This was an idea that held little attraction for me. Even then, in my state of relatively blissful ignorance, I knew that St. Barths, which lay about ten miles offshore from my comfortably dowdy island, was not somewhere I could ever be happy. I knew from previous day trips that a hamburger and a beer cost fifty bucks—that there was no indigenous culture to speak of, that it was the very height of the holiday season and the island, not my scene in the best of circumstances, would be choked with every high-profile douche, Euro-douche, wannabe, and oligarch with a mega-yacht. I knew enough of the place to know that St. Barths was not for me.
I made obliging, generically willing-sounding noises, fairly secure in the assumption that every rental car and hotel room on the island had been booked solid. A few calls confirmed this to be the case, and I felt that surely she’d drop the idea.
She would in no way, she insisted, be deterred by insignificant details like no place to stay and no way to get there. There was a house. Russian friends. Everything would work out.
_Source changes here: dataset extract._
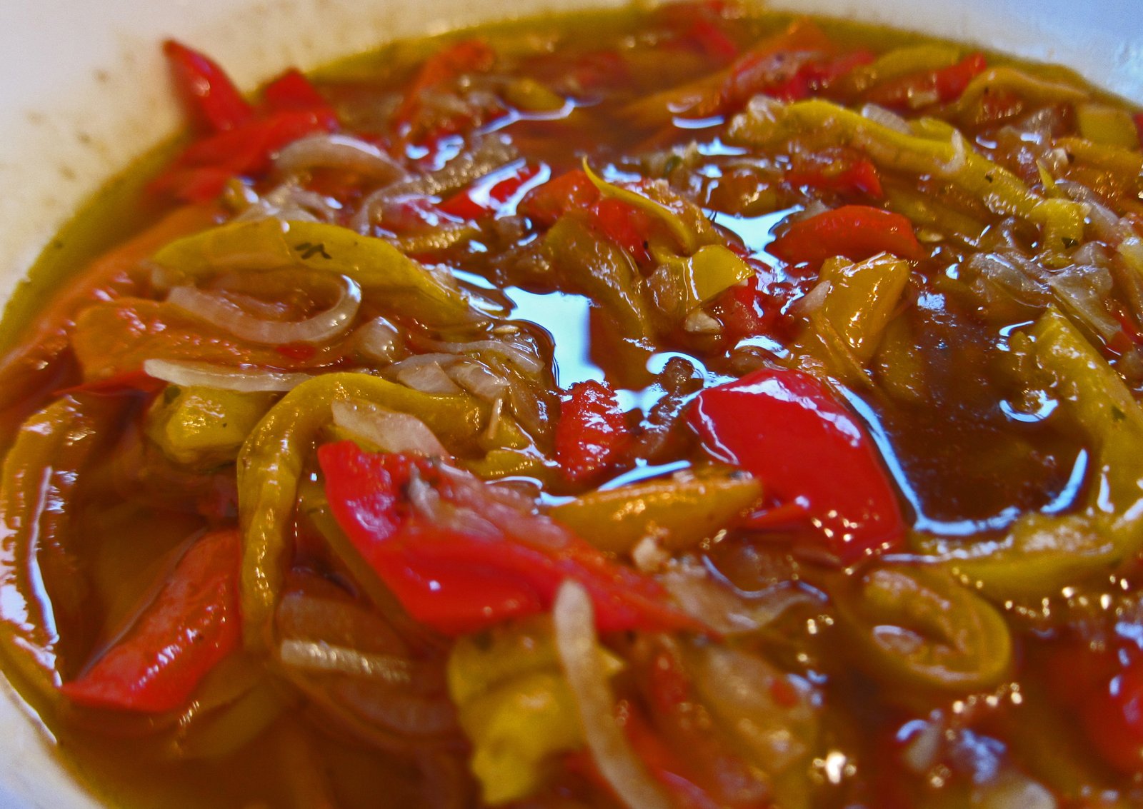 As always I did ad a couple of things to the recipe, in this case some garlic and dried oregano. Since the amount of peppers I had was closer to the three pound mark, I ended up using 1/2 of olive oil. The anchovies in the recipe add a deep savory and salty background flavor and I loved the addition of balsamic vinegar instead of the usual white wine or red wine vinegar.
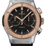 45 mm satin-finished and polished titanium case, vertical satin-finished 18K king gold bezel with 6 h-shaped titanium screws, sapphire crystal with anti-reflective treatment, matte black dial, HUB1143 self-winding chronograph movement, approximately 42 hours of power reserve, black lined rubber strap, 18K king gold and stainless steel deployant buckle. Water resistant to 50m (5 ATM).

It certainly wasn’t love that compelled me to abandon all good sense and go somewhere I already hated with somebody I barely knew into circumstances of great uncertainty. It was not a period of my life marked by good decisions, but in agreeing to “pop over” to St. Barths, I’d made a particular whopper of a wrong turn—a plunge into the true heart of darkness. Maybe I saw it at the time as the path of least resistance, maybe I even thought there was indeed some small possibility of a “good time”—but I surely had reason to know better. I
We took a small propeller plane the ten minutes or so across the water, landing at the airport with no ride, no plans, no friends I was aware of, and no place to stay. A famous guy said hello to my friend by the luggage carousel. They exchanged witty banter. He did not, however, offer to let us crash at his place. There were no taxis in sight.
From a comfortable rented villa on a nice island, where—despite my nightly flirtations with vehicular homicide and suicide—I was at least able to swim, eat and drink fairly cheaply, and eventually sleep securely in my own bed, I now found myself suddenly homeless. Worse, my partner, as I quickly discovered, was a spoiled, drunk, and frequently raving paranoid-schizophrenic.
And cokehead. Did I mention that?
Any pretense that mysterious Russian friends with a villa would be there for us had somehow dematerialized somewhere on the flight over. Similar departures from reality would become a regular feature of the next few days. After a long time, we found a taxi to a hotel—where, once the staff laid eyes on my mysterious but increasingly mad companion, a room was hastily made available for a night. A very expensive room.
One of the things I’d forgotten about seriously wealthy people, something I’d noticed during a brief previous exposure in college, was that the old-school, old-money kind of rich people? Those motherfuckers don’t pay for shit. They don’t carry cash—and even credit cards seem always to be…somewhere else, as if whatever small sums as might be needed are beneath notice or discussion. Better
By now, I was a prisoner of her escalating and downright scary mood swings and generally bad craziness. She’d turn on a dime from witty and affectionate to hissing, spitting psychotic. One minute we’d be having overpriced mojitos on a lovely beach, the next, she’d be raging at the manager, accusing the busboy—or whoever was at hand—of stealing her cell phone. Fact was, she constantly misplaced her cell phone, her purse, anything of value she had. She’d get sloshed, forgetful, impulsively run off to dance, to search for coke, to say hello to an old friend—and she’d lose track of shit. She’d forget where she’d put things—if she’d ever had them in the first place.
I am not a fan of people who abuse service staff. In fact, I find it intolerable. It’s an unpardonable sin as far as I’m concerned, taking out personal business or some other kind of dissatisfaction on a waiter or busboy. From the first time I saw that, our relationship was essentially over. She accused me of “caring about waiters more than I cared about her,” and she was right. From that point on, I was babysitting a madwoman—feeling obliged only to get her crazy ass on a plane and back to England as quickly as possible and with as little damage done as could be managed. I’d gotten her here, allowed this to happen, it was impingent on me, I felt, to at least get her back in one piece. This was easier said than done.